» **Source information**:

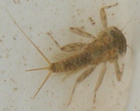 Mayfly larva
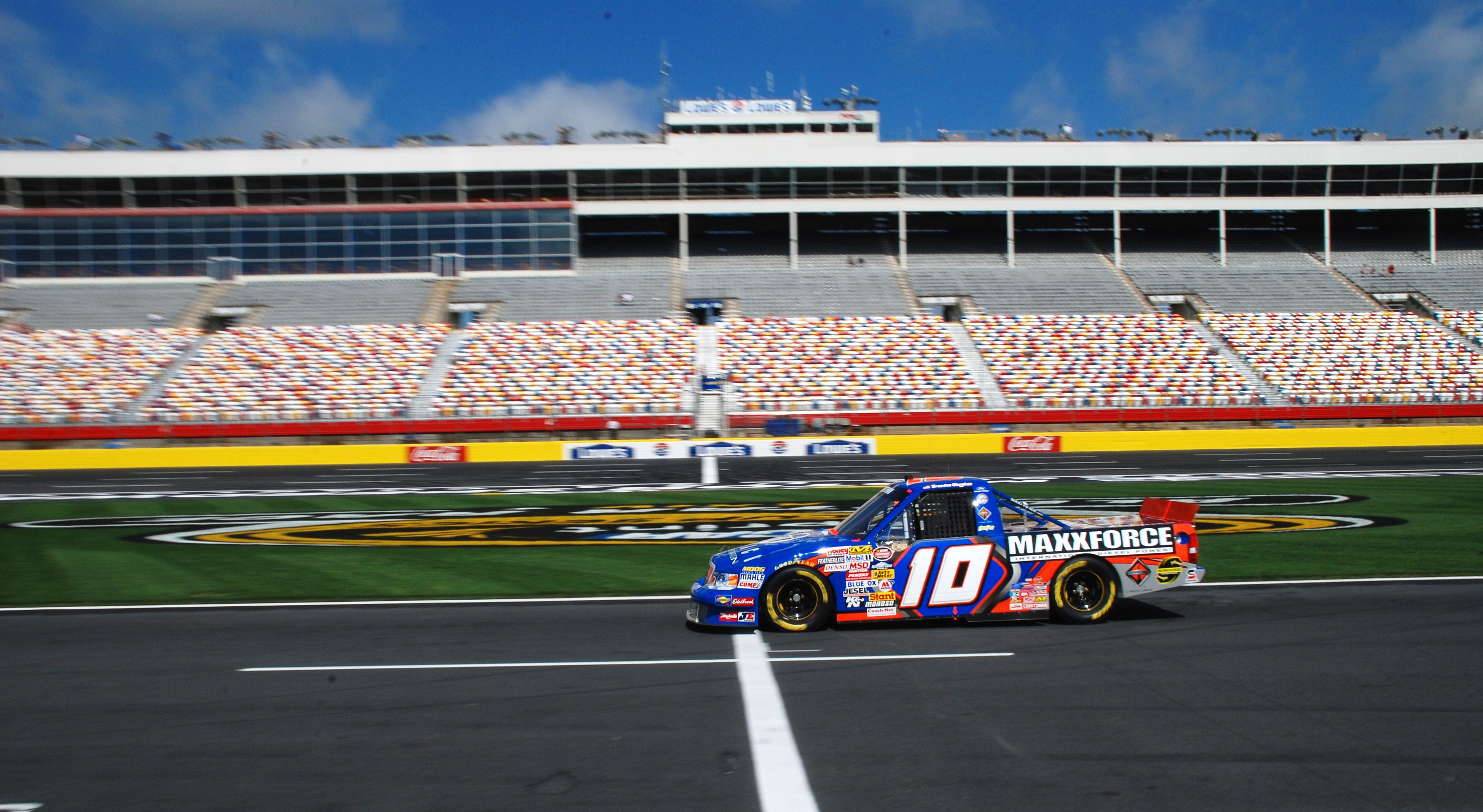 Trucks at the All Star weekend, Lowes Motor Speedway.
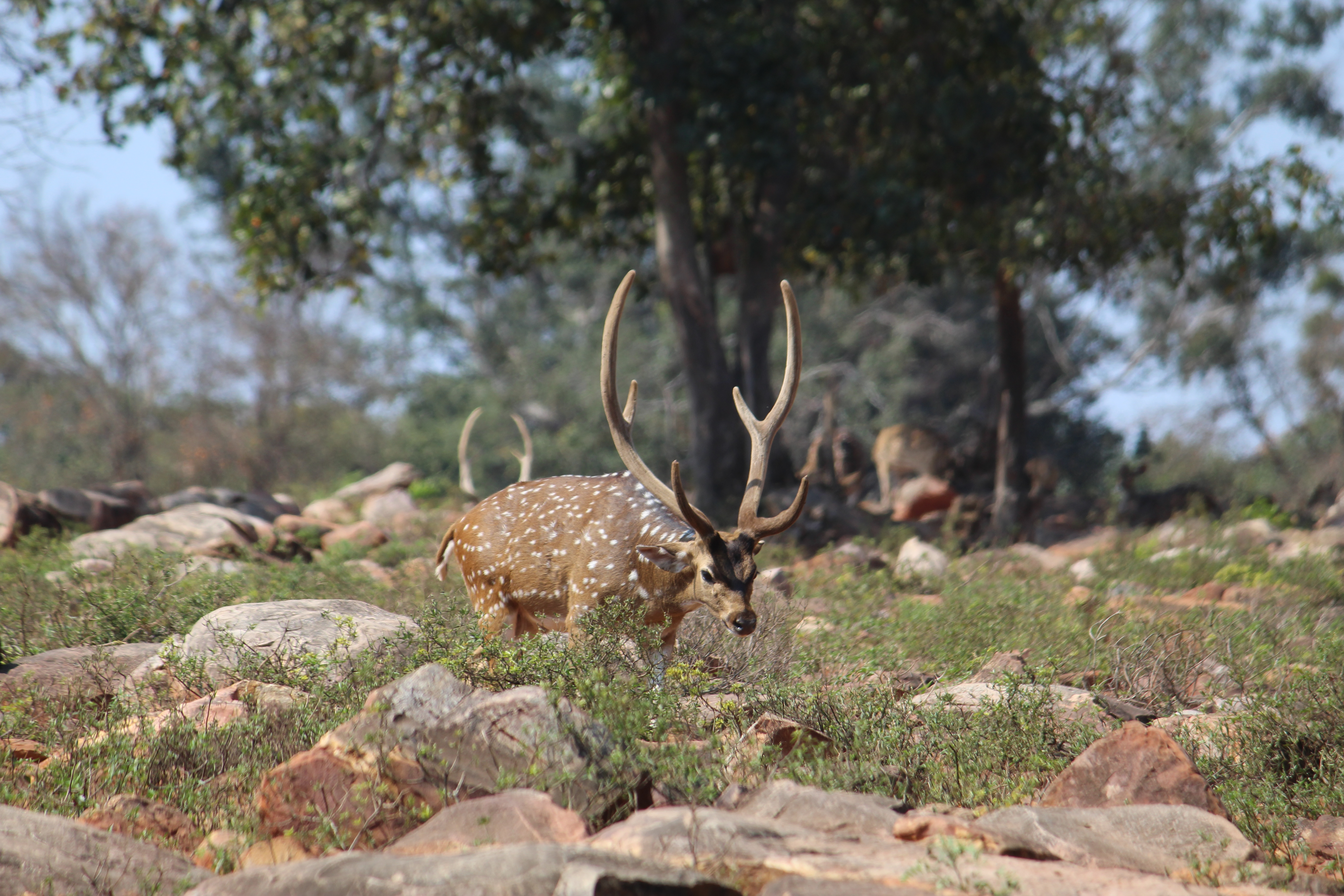 Deer Park near Alipiri Mettu
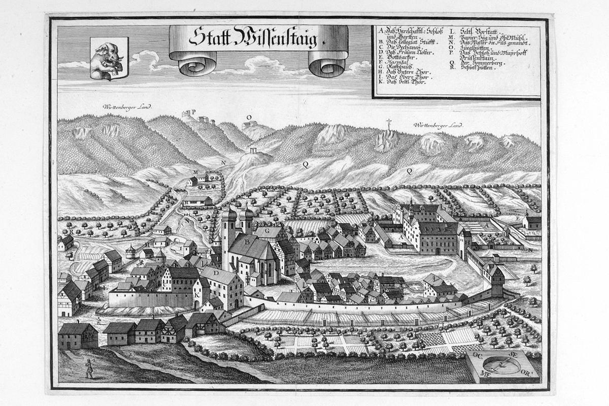 View of Wiesensteig, Germany, approx. 1700
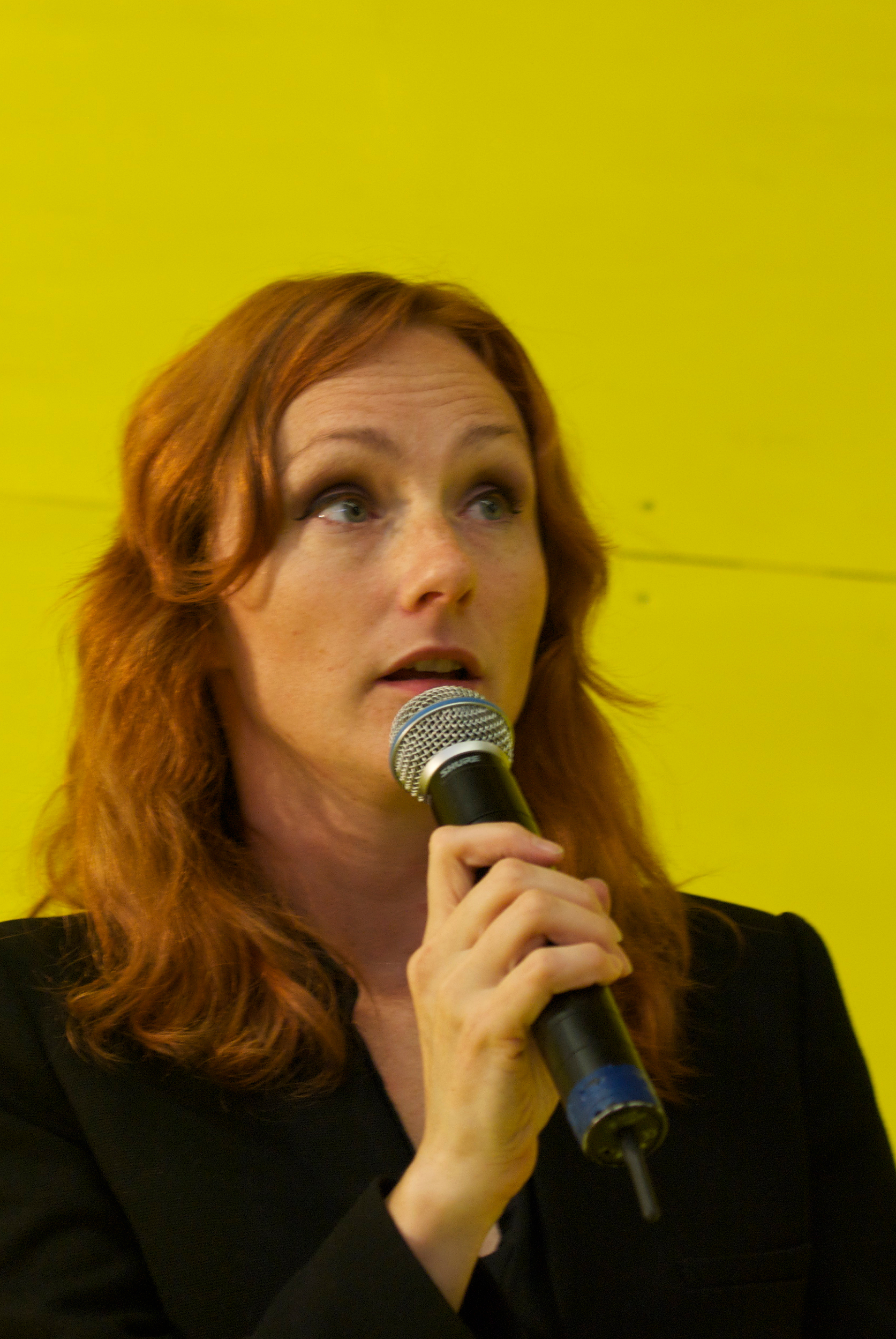 Ika Johannesson at Göteborg Book Fair 2011.
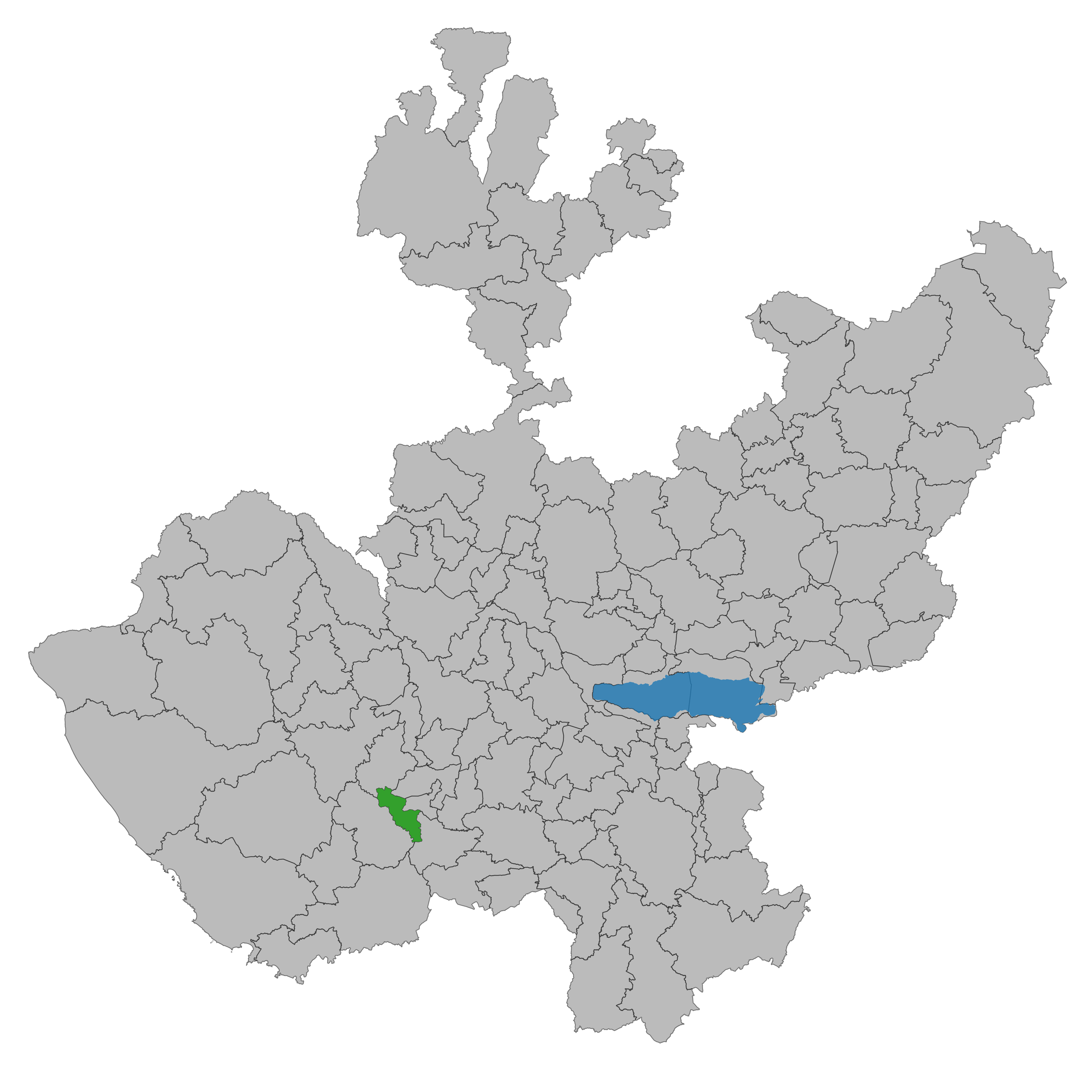 Municipality of Jalisco. Prepared with the software QGIS version 2.8.2 Wien & with information of SCINCE 2010 version 05/2013
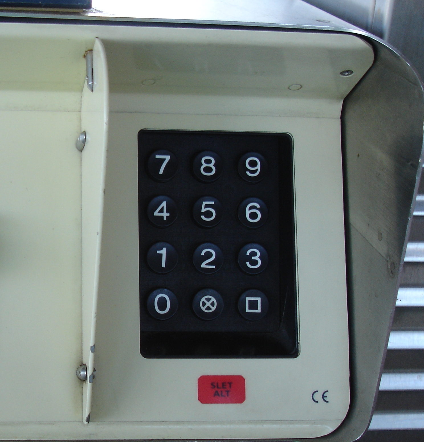 Keypad in Denmark. The layout is inverted
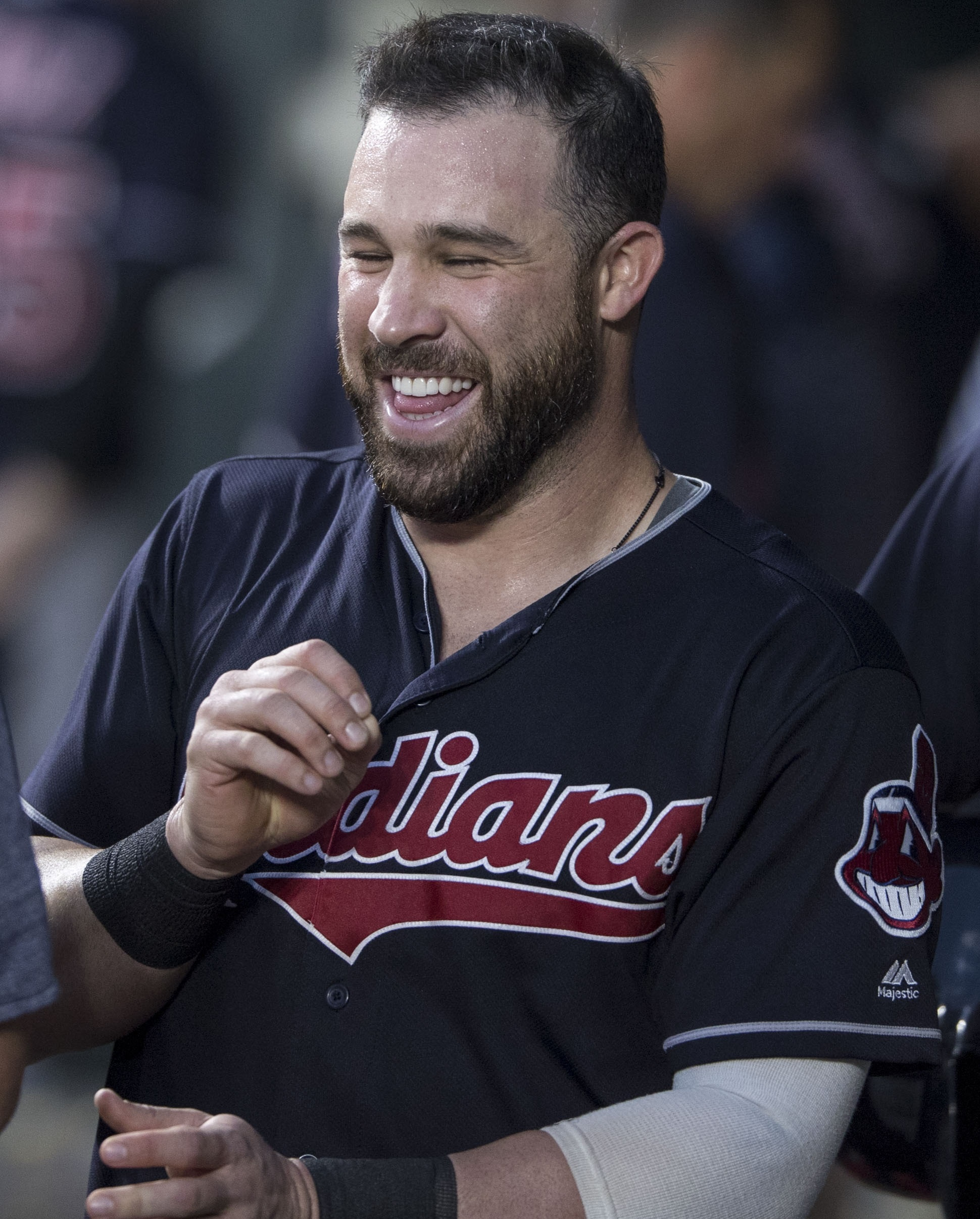 Indians at Orioles 6/22/17
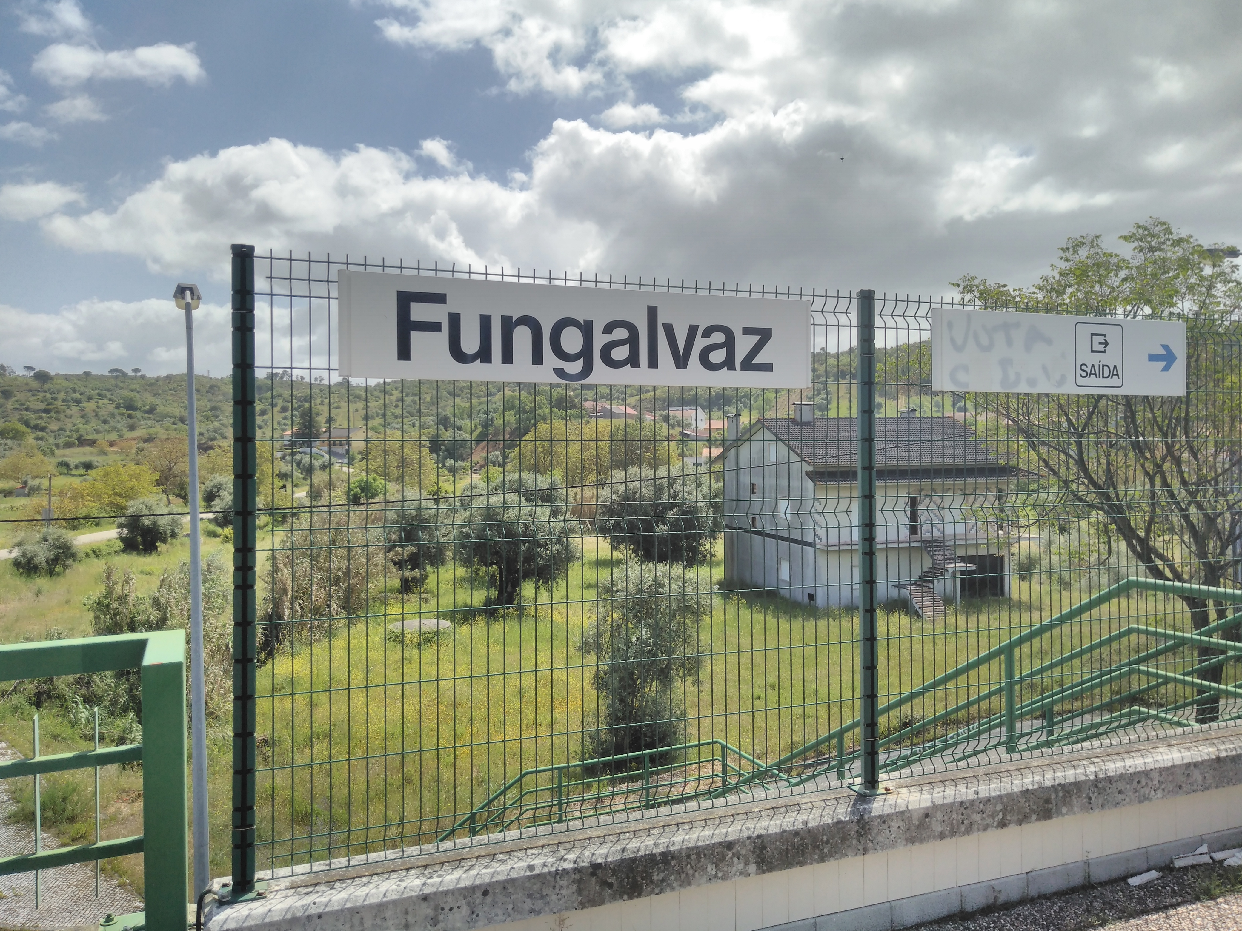 Fencing and sign for Fungalvaz halt
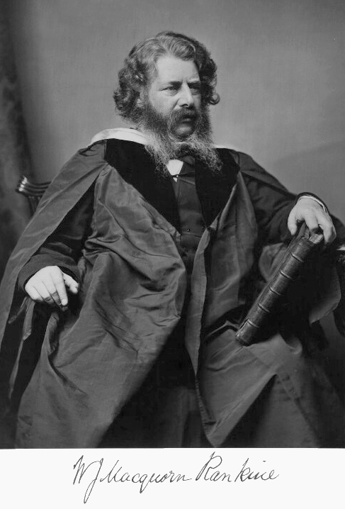 William John Macquorn Rankine

» **What the task asks**: Please transcribe, word for word, every line from the one containing "Fencing and sign for Fungalvaz halt" through the last line of the records, both included, and leave the pictures out.

» **Worked solution**:
 Fencing and sign for Fungalvaz halt
 William John Macquorn Rankine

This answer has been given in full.